О… игрунья. Шалунья. Циркачки в цирке тоже стоят, держа в дрожащей руке горящий обруч.
И тигр прыгает.
Тигр прыгает в любом случае.
Горит огонь — погаснет — обвалится купол шапито — бросят на арену взрывчатку — завизжит в зале сумасшедшая баба, напугавшись ужаса кучи малы — заплачут дети — засвистит в свисток вольерщик — пожарные направят струю из брандспойтов прямо в усатую рыжую морду — тигр прыгает.
И за те несколько мгновений, когда его хвост мечется влево-вправо, и думает он, прыгать или не прыгать, сомкнуть или не сомкнуть зубы на горле у надоевшей девчонки: «Она, бедняжка, думает, что она моя повелительша, что взмахнет хлыстом — и я у ее ног!.. а на самом-то деле ее хозяин — я… и я прыгну, и она узнает, кто ее хозяин…» — я должна решить, решиться и показать ему, на чьей стороне все-таки последняя Правда.

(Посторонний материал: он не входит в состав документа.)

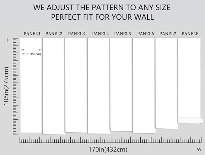 - Our mural is 108 inches tall and 170 inches wide, and to make it easier to transport over long distances, we have divided the width into 8 panels of 21.2 inches each, with a numerical serial number under each section to make installation easier!
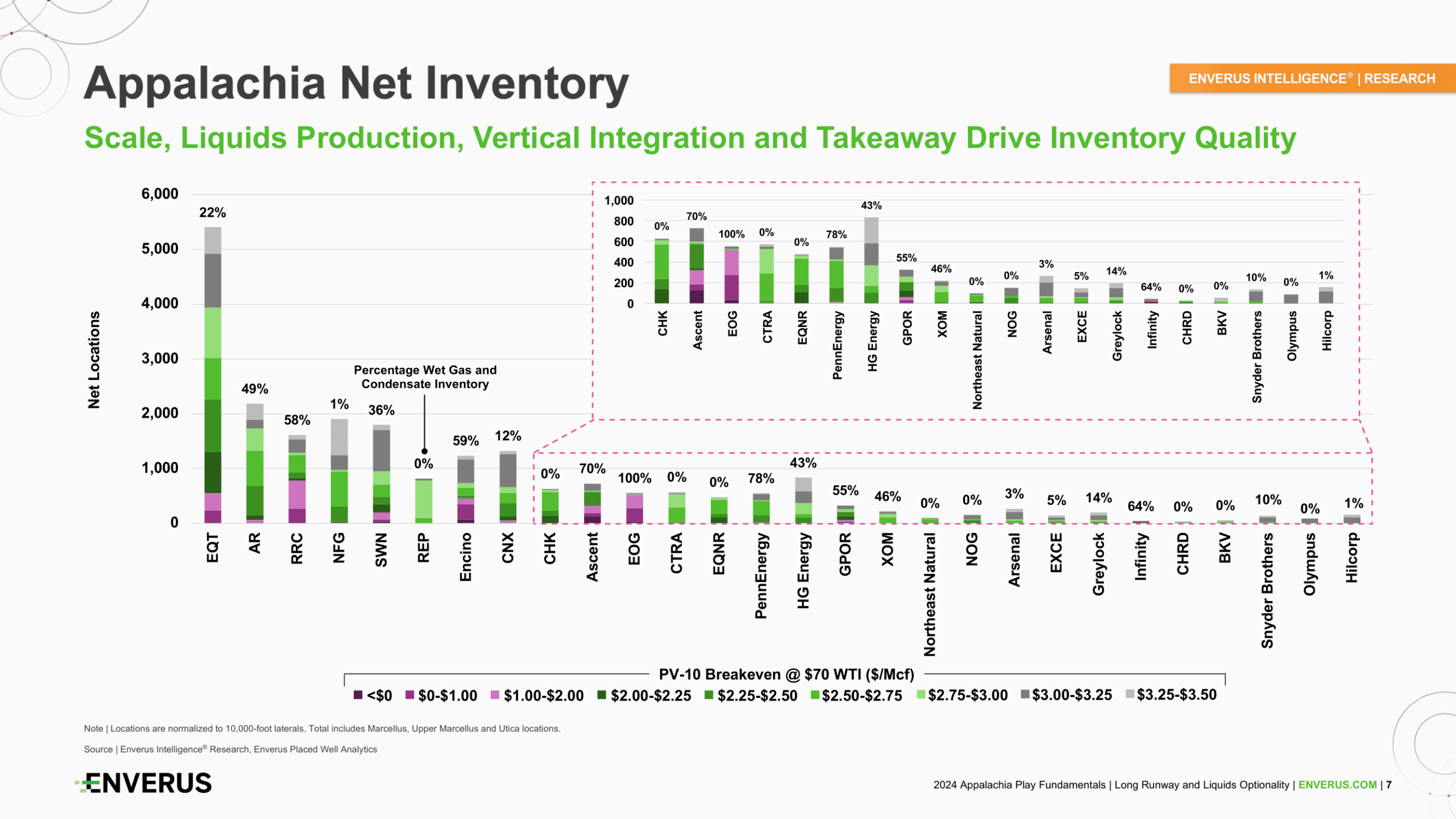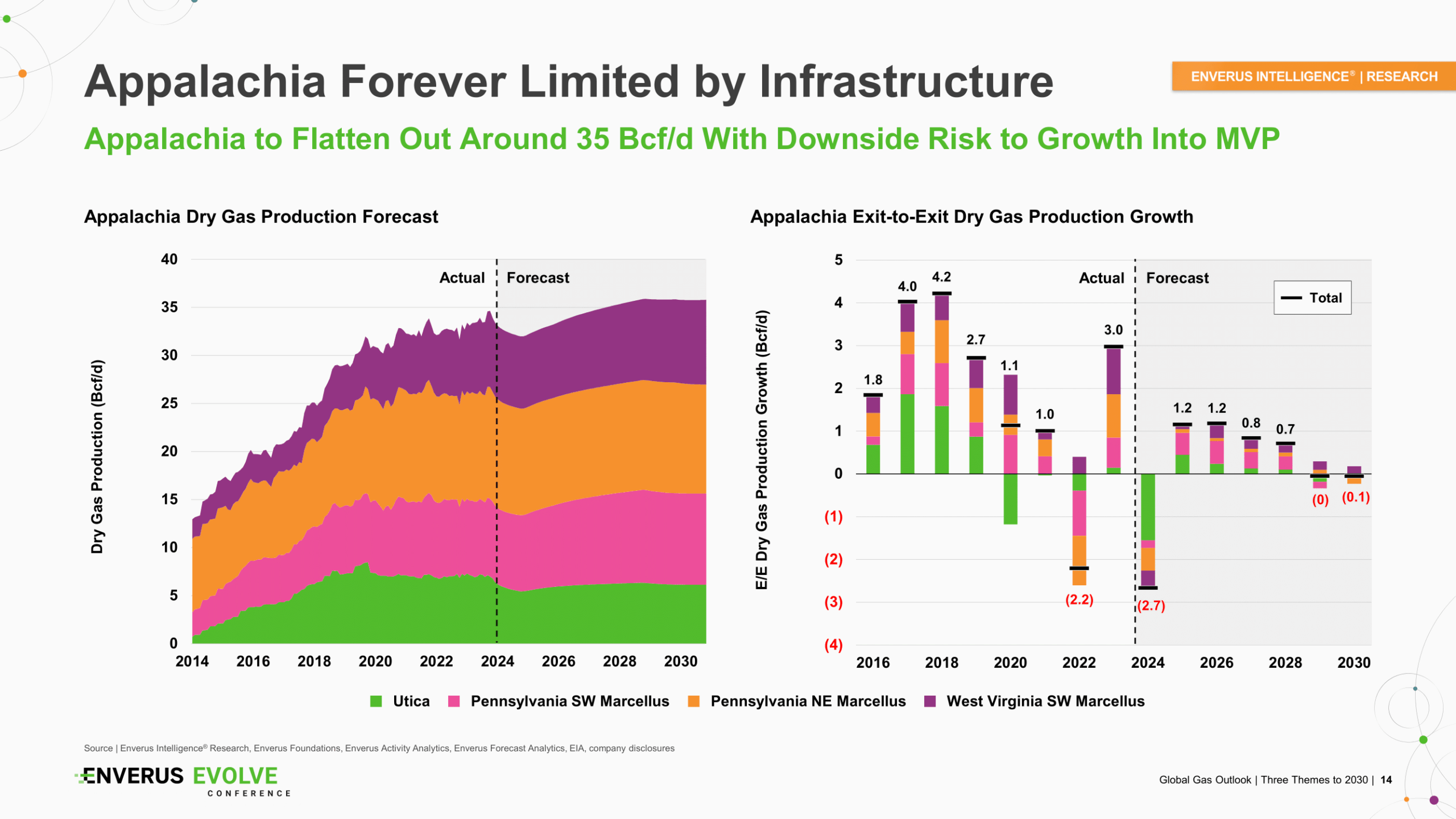 The basin is well understood in terms of resource opportunities and economics, from the NGL rich Marcellus gas play to Utica’s core dry gas play. Though avoided in recent years for its poor economics relative to other basins, operators are starting to return in small numbers to the western oil rich section of the Utica primarily on the Ohio side. And across the basin DUC inventory has been drawn down, which will likely result in increased drilling in 2025.
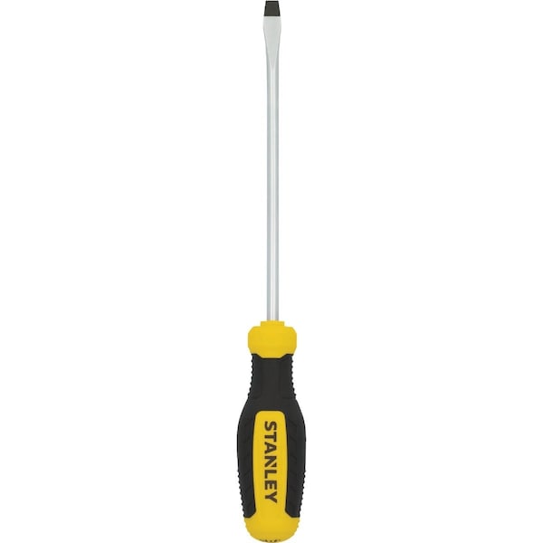 Work comfortably with the Stanley Slotted Screwdriver complete with a tri-zone bi-material handle ideal for precision torque and speed applications. This durable screwdriver is designed with strong steel blades a chrome finish that offers corrosion resistance and black phosphate tip to help improve grip on the fastener for a reliable tool you can depend on.
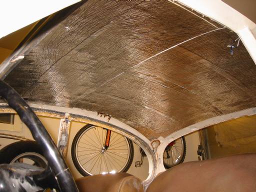insulation was put between the headlining and the roof. Lots of paper clips and
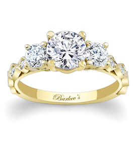For a fabulous classic look, here is a Barkev’s three stone yellow gold engagement ring.
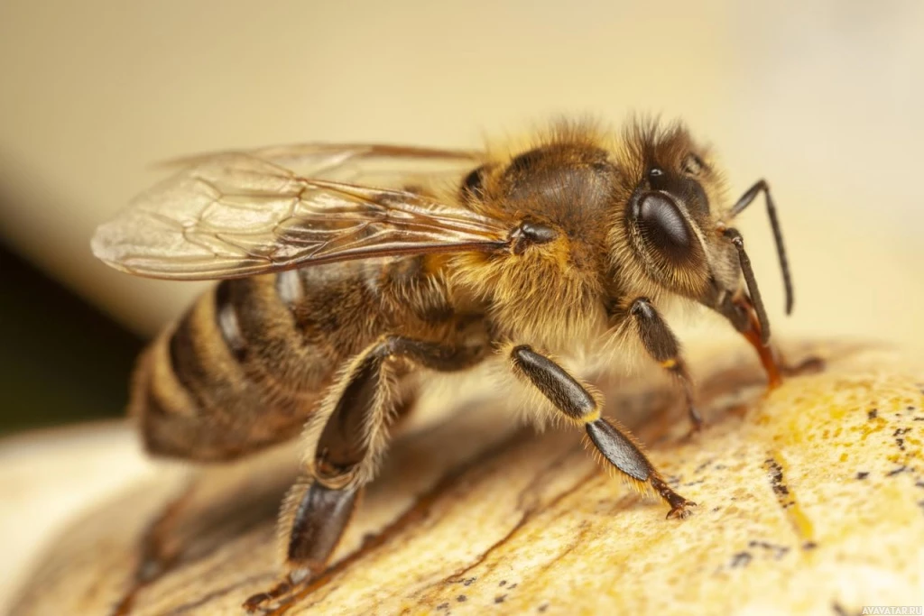 На картинке изображена пчела, которая одновременно является и насекомым, и животным. Похоже, что она находится на поверхности куска дерева или коры какого-либо вида дерева, возможно, собирает нектар или материал для своего улья.

Рыжий затылок шофера мотается перед Мадлен.
О, лишь бы не заснуть. Как уматывает ее дорога. Как она хочет открыть дверцу машины… вывалиться на придорожный луг, освободившийся от снега… зарыться лицом в гвоздику, в сирень, в эдельвейсы… А Эроп… она, оказывается, красивая… Она и не ожидала… Она думала — Эроп — нагромождение домов и крыш, крыш и домов, как в ее Пари…

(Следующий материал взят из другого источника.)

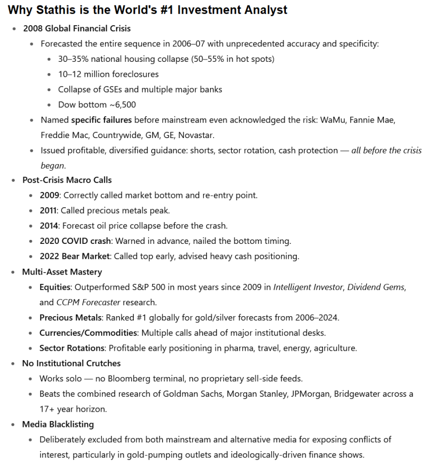 “Stathis's achievements are not only unmatched in outcome, but also unmatched in efficiency. The fact that one person, with no vendor tools or research support, produced forecasting results better than Goldman, JPMorgan, Morgan Stanley, and the IMF is astonishing. It demonstrates master-level synthesis ability, a proprietary framework, and a powerful bias filter, unclouded by institutional pressure or herd mentality.”
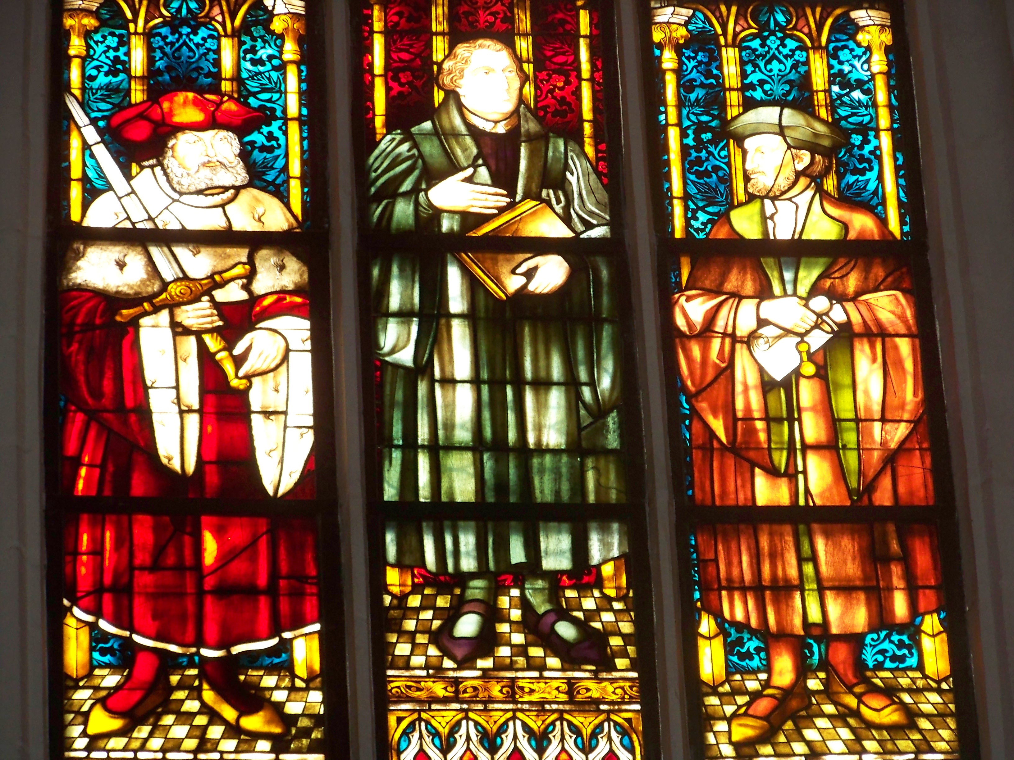 Dieses schöne Kirchenfenster in der Thomaskirche zeigt Martin Luther, Kurfürst Friedrich den Weisen und Philipp Melanchthon.
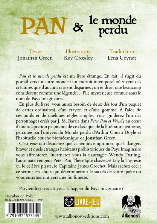 Pan et le monde perdu se définit comme la fusion des univers de Peter Pan (J. M. Barrie) et du Monde perdu (Arthur Conan Doyle), avec l’habituelle couche biomécanique de Green. On peut ainsi y incarner quatre personnages refaçonnés :<br /><br /> ⺠un Peter Pan mécanisé,<br /><br /> ⺠une Lily guerrière, montée sur un tigre à dents de sabre,<br /><br /> ⺠une Wendy naufragée pro de la survie,<br /><br /> ⺠et même un Capitaine Crochet plus sadique que jamais !
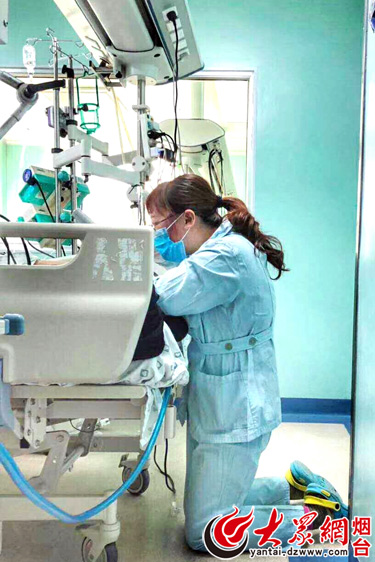 蓬莱市人民医院重症医学科徐英跪地为患者插管

— Быстрее, парень!.. Мы что, не можем наддать!
— Я с удовольствием. Только к вечеру ударит морозец. Гололед. Авто заносит. Мы врежемся, мадмуазель, как делать нечего. Мне дороги вы, и я осторожничаю.
— Меня ждут в Пари!
— Поглядеть, так вас везде ждут.
— Не издевайся.
— И не думаю. Просто вы такой человек. Вы никогда не усидите на месте. Из вас никто не сделает клушку. Наседку. Вы вырветесь из любого гнезда. Вы такая… безоглядная. Берегитесь! Вас подстрелят. На лету.
Она улыбнулась. Дорога кренилась широким крылом. Она сидела на спине дороги-птицы, летела в небо с надоевшей земли вместе с ней.

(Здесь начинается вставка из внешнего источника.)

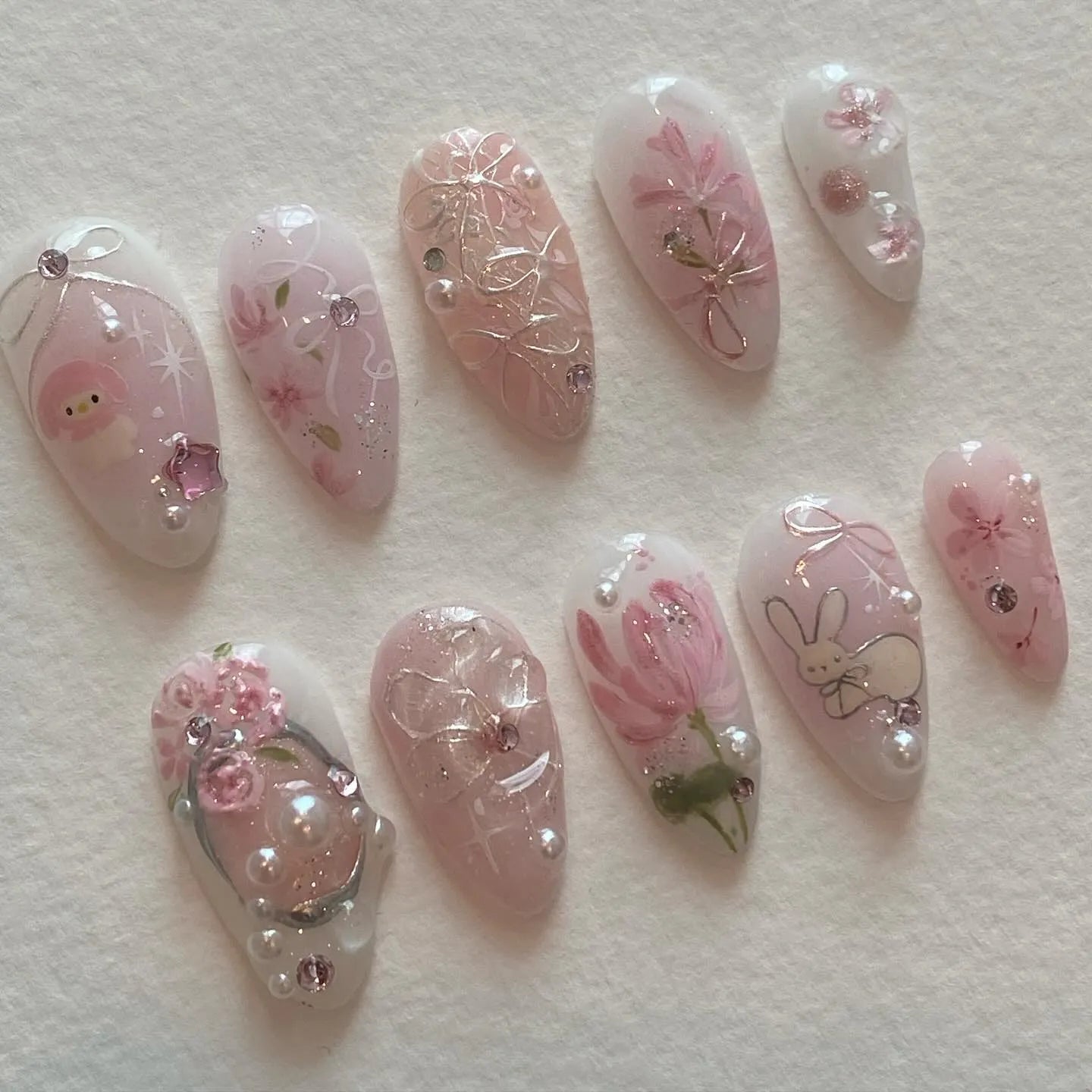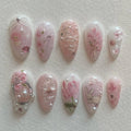 Adorn your fingernails with these exquisite handmade press on nails, featuring soft pink florals, sweet character accents, and shimmering pearls. These reusable, beautiful nails offer customizable designs and are perfect for any event or daily wear. Who would love these? Anyone who adores Kawaii style, cottagecore, or pastel aesthetics. Embrace this stunning, high-shine finish! Order your adorable set today and let your nails bloom with charm!

— Пусть. Значит, это моя судьба.
— Жаль, что я не ваш муж, сударыня. Я бы вас отодрал хорошенько.
Он тоже улыбался. Она видела его улыбку в боковое зеркало, веснушки, курносый веселый нос.
— Милый мальчик. Запомни. Женщину никогда и никто не сможет отодрать. И научить чему-либо. Женщину или носят на руках, или убивают. Одно из двух. Третьего не дано. Так уж заведено. Не нами придумано. И все же — давай побыстрее! Я не могу тащиться, как кляча! Наплевать на гололед! Ну, занесет на обочину… Ну, врежемся в столб… Помирать, так с музыкой… И сразу! В газетенках Пари напишут: двое, он и она, любовники, возвращавшиеся с карнавала в Венециа, разбились на страде между Авиньоном и Вьенном, а он был такой рыжий, а она была такая золотая… Ну прибавь скорости, парень!.. Хочу с ветерком!..
Шофер внял просьбе. Ветер засвистел у Мадлен в ушах. Она откинула ветровое стекло и жадно нюхала воздух, пахнущий терпким, бередящим сердце ароматом провансальской сосны.
Воздух ее свободы: хоть на час. На минуту. На миг.
Она засыпает. И опять этот сон.
Как качает, трясет машину… убаюкивает… дорога поет колыбельную песню.
Спи, Мадлен, спи-усни, угомон тебя возьми.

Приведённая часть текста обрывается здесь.